Le parquet de Paris a ouvert une enquête préliminaire à la suite de la plainte pour violence d’une conseillère régionale FN contre l’un de ses collègues du conseil régional d'Île-de-France, proche de Marine Le Pen. Le 15 septembre, les deux élus ont été confrontés et l'enquête policière est désormais entre les mains du parquet de Paris, qui doit décider s'il classe l'affaire ou engage des poursuites.

Si la présidente (LR) de la Région, Valérie Pécresse, a soutenu et porté assistance à la plaignante, les dirigeants du FN ont refusé de sanctionner l'élu, malgré les multiples alertes écrites adressées depuis le mois de mai par la jeune femme. Le 21 octobre, Marine Le Pen a indiqué qu'elle attendait « la décision de justice », l'élu visé « contestant formellement les faits ». D'après nos informations, la direction du FN a pourtant eu connaissance de deux mails, dans lesquels le conseiller régional tente d'abord d'intimider sa collègue pour qu'elle retire sa plainte, puis s'excuse pour le « débordement » qui lui vaut aujourd'hui d'être visé par une enquête.

L’affaire, dont Le Monde a révélé une partie samedi, commence au printemps 2017. La conseillère régionale (FN) Aurélie Cournet dépose, le 23 mai, une main courante pour « harcèlement » à l’encontre de Pierre-Charles Cherrier, lui aussi élu frontiste à la Région, et patron de la fédération FN de Seine-et-Marne. La jeune femme de 32 ans a mis fin, quelques semaines plus tôt, à sa relation avec l'élu, qui fut d'abord son gynécologue. Installé à La Celle-Saint-Cloud, M. Cherrier est le médecin des Le Pen depuis 38 ans, ainsi que celui de plusieurs femmes au Front national. Il est devenu, au fil des années, un ami de Marine Le Pen et de sa sœur Yann.

Ce 23 mai, Aurélie Cournet déclare aux policiers avoir décidé de « mettre fin à toute communication » avec l'élu, après que des proches ont reçu des « menaces par sms de sa part », mais aussi des appels et mails « anonymes ». La conseillère régionale explique que Pierre-Charles Cherrier est devenu « excessivement fou » et qu'il a tenté par tous les moyens de lui parler : « Il a insisté envers mon assistante et mon patron pour me joindre car il n’arrivait pas à me joindre directement. Il m’a envoyé plusieurs mails de menaces », déclare-t-elle dans sa main courante, que Mediapart a consultée.

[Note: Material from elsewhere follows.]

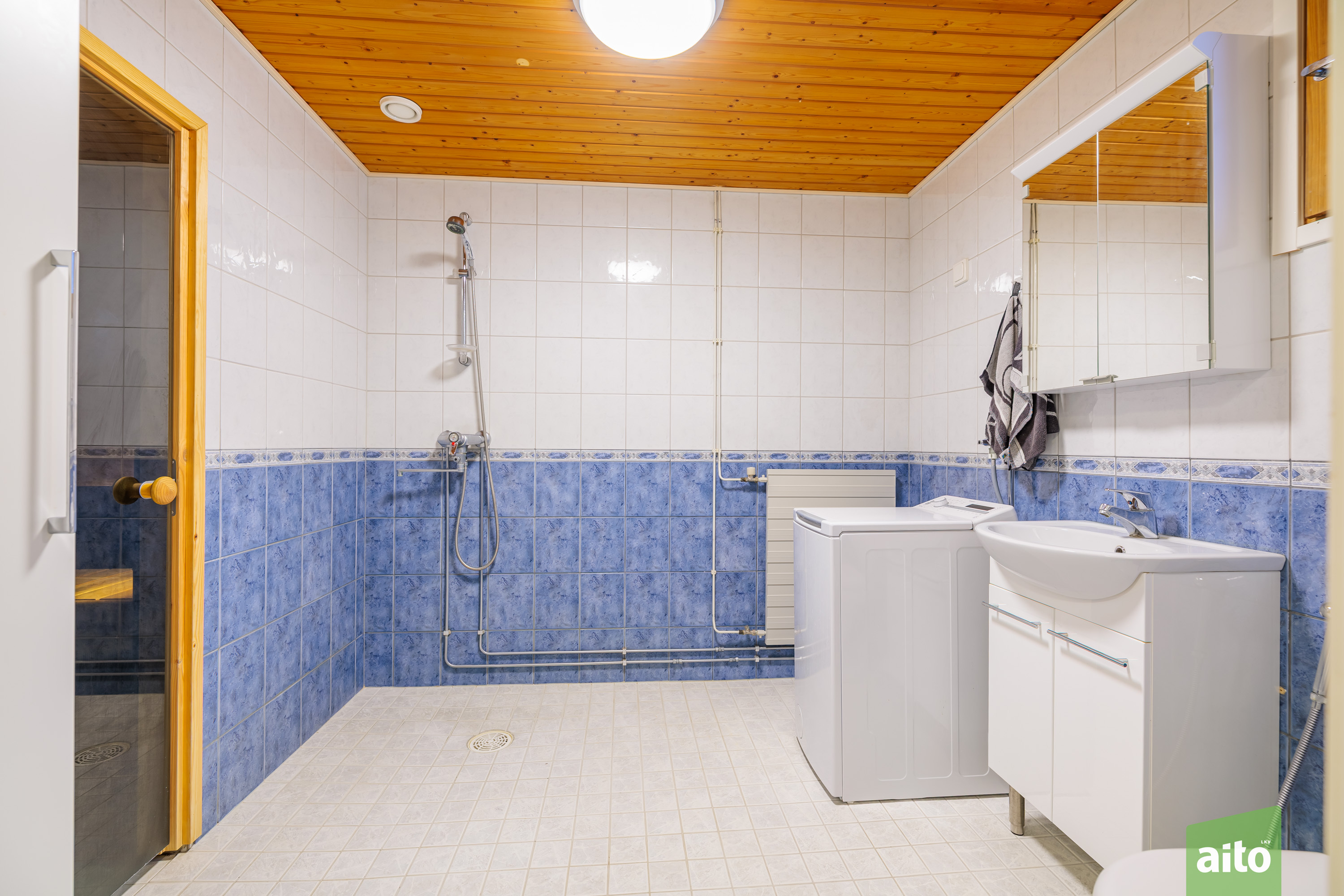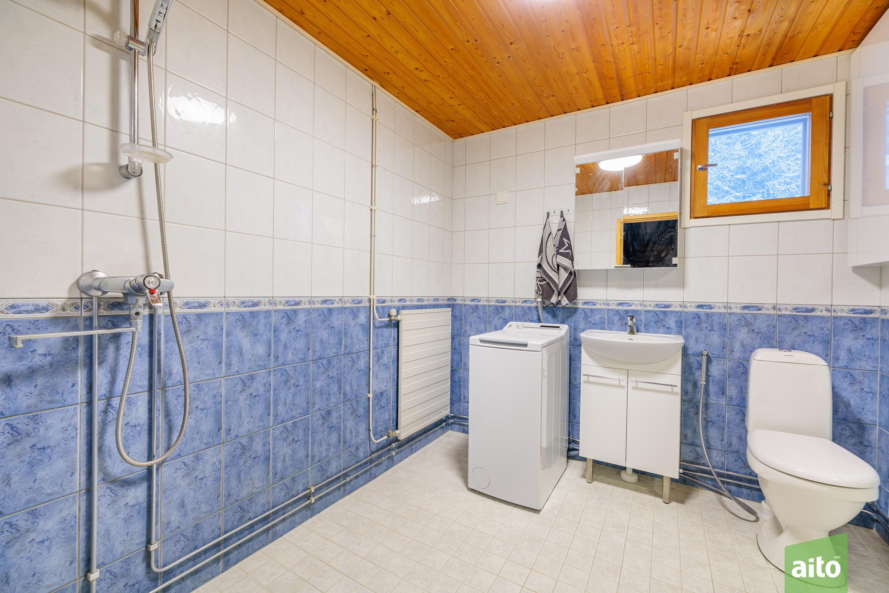 Kylpyhuoneen kuvaus Varusteet: suihku, allaskaappi, peilikaappi, pesukoneliitäntä

En amont, l'élue avait appelé à l'aide Yann Le Pen, qui travaille au Front national et est une amie de Pierre-Charles Cherrier. Dans un courriel intitulé « Au secours Yann », le 23 mai, elle lui fait part des derniers événements et insiste : « Yann, je n'en peux plus. [...] Qu'il arrête je n'en peux plus, véritablement plus. Aide-moi s'il te plaît je suis à bout ». « Dis-lui par mail que tu vas déposer plainte pour harcèlement et tu me mets en copie », lui répond la cadette Le Pen. « De toute façon il ne m’a pas écoutée », écrit-elle.

Aurélie Cournet suit ses conseils. Le soir même, elle avertit Pierre-Charles Cherrier de sa démarche : « Suite aux graves événements dont j'ai eu connaissance dimanche, j'ai déposé une main courante (voir pj) à ton encontre car tes actes sont inadmissibles. Tu comprendras que je ne veux plus aucun contact avec toi », lui écrit-elle. En copie du mail : Yann Le Pen.

Au même moment, la trentenaire renonce, « dans la même logique d’autoprotection », à être le mandataire financier de la campagne législative de Pierre-Charles Cherrier, candidat en Seine-et-Marne. D’après le récit d'Aurélie Cournet, l’élu l’aurait alors menacée, via un message sur son répondeur, d’être « exclue » par Marine Le Pen en cas de désistement. « Je lui disais que je n'allais pas avoir le temps de trouver quelqu'un d'autre. Elle ne répondait plus au téléphone, ni aux mails, j’ai appelé à son travail mais je n’ai appelé aucun proche », assure le conseiller régional, qui dément tout appel anonyme.

Marine Le Pen et Wallerand de Saint-Just. © Reuters Marine Le Pen et Wallerand de Saint-Just. © Reuters

Mais l’affaire ne s’arrête pas là. Elle se poursuit dans l'enceinte du conseil régional, le 6 juillet, en marge d’une session plénière. Les agents de sécurité de la Région sont alertés par des cris, qui proviennent de la salle de réunion du Front national. D’après le récit de l’élue, le sexagénaire aurait tenté de lui parler et elle aurait « refusé »« suite à son comportement ». « J’ai continué mon chemin, il m’a alors suivie et m’a coincée dans un sas pour prendre à mon doigt une bague qu’il m’avait offerte, relate-t-elle dans sa plainte. Comme il n’y arrivait pas, il a saisi mon téléphone portable et est parti vers la salle de réunion FN. » Elle le suit dans la salle, « pour essayer de récupérer [son] téléphone ». « Il m’a alors saisie par la robe, m’a mis une claque sur la joue gauche et m’a ensuite poussée contre le mur. Je suis tombée par terre et me suis blessée à la jambe. »

De son côté, Pierre-Charles Cherrier affirme qu'« elle a tiré le téléphone et est tombée en arrière par terre ». « Les deux agents de la Région sont arrivés et m’ont dit : “Laissez-la”, explique-t-il. J'étais humilié, honteux d’avoir été surpris dans cette situation. Mais à la lumière de tout cela, je me demande si elle n’a pas fait exprès de tomber. L’interprétation de ce qui s’est passé a été montée de toutes pièces, la plainte a été musclée. »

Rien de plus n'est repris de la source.